ASSIGNED TASK:
Pictures aside, print all of the data below exactly as written.

DATA SECTION:
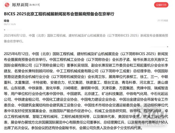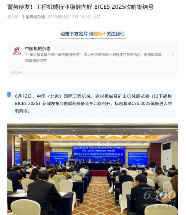 可以预见,在未来16天里,BICES 2025相关新闻将持续升温,从展前预热到现场展出,从深度报道到数据解读,一场行业盛会的传播热潮正在形成。这不仅是对展会本身参与各方的有力支持,更是对工程机械迈向智能化、绿色化、高端化的有力推动。
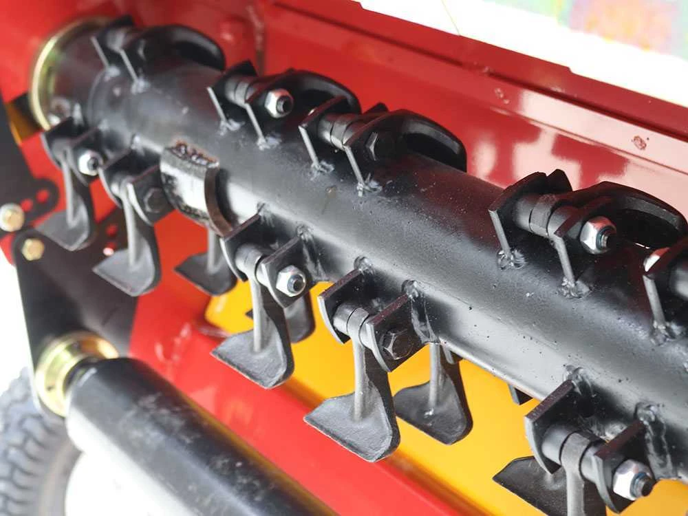 La hauteur de coupe est réglable par le biais des poignées prévues qui réhaussent et abaissent les roues par conséquence également le rouleau de coupe.
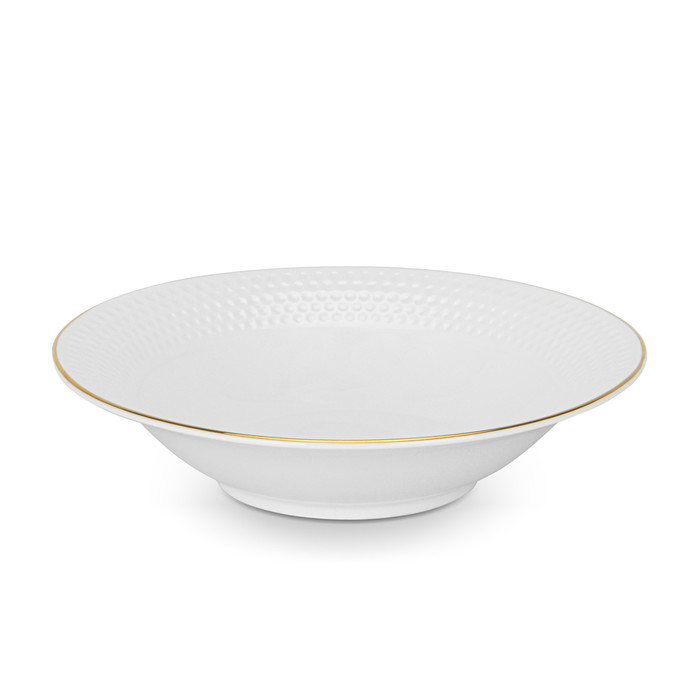 Компания Fissman представляет коллекцию посуды NOEMI из настоящего китайского костяного фарфора. Предметы выполнены в классическом стиле, в белоснежном цвете с золотой окантовкой и украшены геометрическим узором. Первозданный белый цвет подчеркивает красоту форм, он подойдет для любого интерьера, стиля сервировки и повода. Глазурованная поверхность эффектно смотрится, отличается высокой прочностью и долговечностью. На ней отсутствуют вкрапления и поры. Предметы легко моются, не впитывают запахи и загрязнения. Каждый из них упакован в красочную коробку и будет отличным подарком. В серию входят: заварочный чайник, сливочник, сахарница, чайные пары, наборы плоских и глубоких тарелок. Посуду не рекомендуется ставить в микроволновую печь или мыть в посудомоечной машине.

EXERCISE ANSWER:
 可以预见,在未来16天里,BICES 2025相关新闻将持续升温,从展前预热到现场展出,从深度报道到数据解读,一场行业盛会的传播热潮正在形成。这不仅是对展会本身参与各方的有力支持,更是对工程机械迈向智能化、绿色化、高端化的有力推动。
 La hauteur de coupe est réglable par le biais des poignées prévues qui réhaussent et abaissent les roues par conséquence également le rouleau de coupe.
 Компания Fissman представляет коллекцию посуды NOEMI из настоящего китайского костяного фарфора. Предметы выполнены в классическом стиле, в белоснежном цвете с золотой окантовкой и украшены геометрическим узором. Первозданный белый цвет подчеркивает красоту форм, он подойдет для любого интерьера, стиля сервировки и повода. Глазурованная поверхность эффектно смотрится, отличается высокой прочностью и долговечностью. На ней отсутствуют вкрапления и поры. Предметы легко моются, не впитывают запахи и загрязнения. Каждый из них упакован в красочную коробку и будет отличным подарком. В серию входят: заварочный чайник, сливочник, сахарница, чайные пары, наборы плоских и глубоких тарелок. Посуду не рекомендуется ставить в микроволновую печь или мыть в посудомоечной машине.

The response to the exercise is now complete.